Read The Shadow of the Wind Online
Authors: Carlos Ruiz Zafón
The police and Jausa's lawyers were responsible for closing the file on the case, but the nabob Jausa wanted to continue. It was at this point that he met Don Ricardo Aldaya - by then a rich industrialist with a colourful reputation for his womanizing and his leonine temper - who offered to buy the property off him with the intention of knocking it down and reselling it at a healthy profit: the value of land in that area was soaring. Jausa did not agree to sell, but he invited Ricardo Aldaya to visit the house and observe what he called a scientific and spiritual experiment. No one had entered the property since the investigation had ended. What Aldaya witnessed in there left him speechless. Jausa had completely lost his mind. The dark shadow of Marisela's blood still covered the walls. Jausa had summoned an inventor, a pioneer in the technological novelty of the moment, the cinematograph. His name was Fructuos Gelabert, and he'd agreed to Jausa's demands in exchange for funds with which to build a film studio in the Valles region, for he felt sure that, during the twentieth century, moving pictures would supplant organized religion. Apparently Jausa was convinced that the spirit of Marisela had remained in the house. He asserted that he could feel her presence, her voice, her smell, and even her touch in the dark. When they heard these stories, Jausa's servants had immediately fled in search of less stressful employment in the neighbouring Sarria district, where there were plenty more mansions and families incapable of filling up a bucket of water or darning their own socks.
Jausa, left on his own, sank further into his obsession with his invisible spectres. He decided that the answer to his woes lay in making the invisible visible. He had already had a chance to see some of the results of the invention of cinematography in New York, and he shared the opinion of the deceased Marisela that the camera swallowed up souls. Following this line of reasoning, he commissioned Fructuos Gelabert to shoot yards and yards of film in the corridors of The Angel of Mist, in search of signs and visions from the other world. Despite the cinematographer's noble efforts, the scientific pursuit of Jausa's phantoms proved futile.

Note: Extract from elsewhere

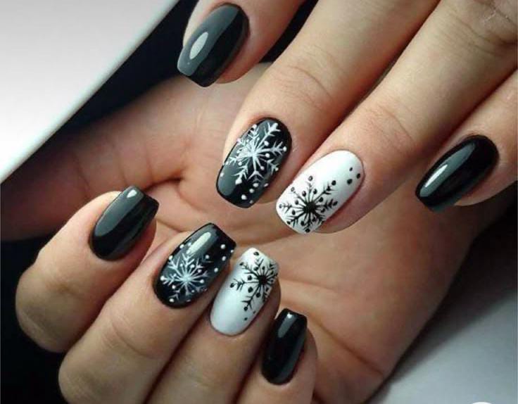 Glossy black and crisp white nails are paired with bold snowflake designs, creating a striking December and elegant contrast. The look feels modern and wintry with a touch of drama.

Everything changed when Gelabert announced that he'd received a new type of sensitive film straight from the Thomas Edison factory in Menlo Park, New Jersey. The new stock made it possible to shoot in extremely low light conditions - below candlelight - something unheard of at the time. Then, in circumstances that were never made clear, one of the assistants in Gelabert's laboratory accidentally poured some sparkling Xarelo wine from the Penedes region into the developing tray. As a result of the chemical reaction, strange shapes began to appear on the exposed film. This was the film Jausa wanted to show Don Ricardo Aldaya the night he invited him to his ghostly abode at number 32, Avenida del Tibidabo.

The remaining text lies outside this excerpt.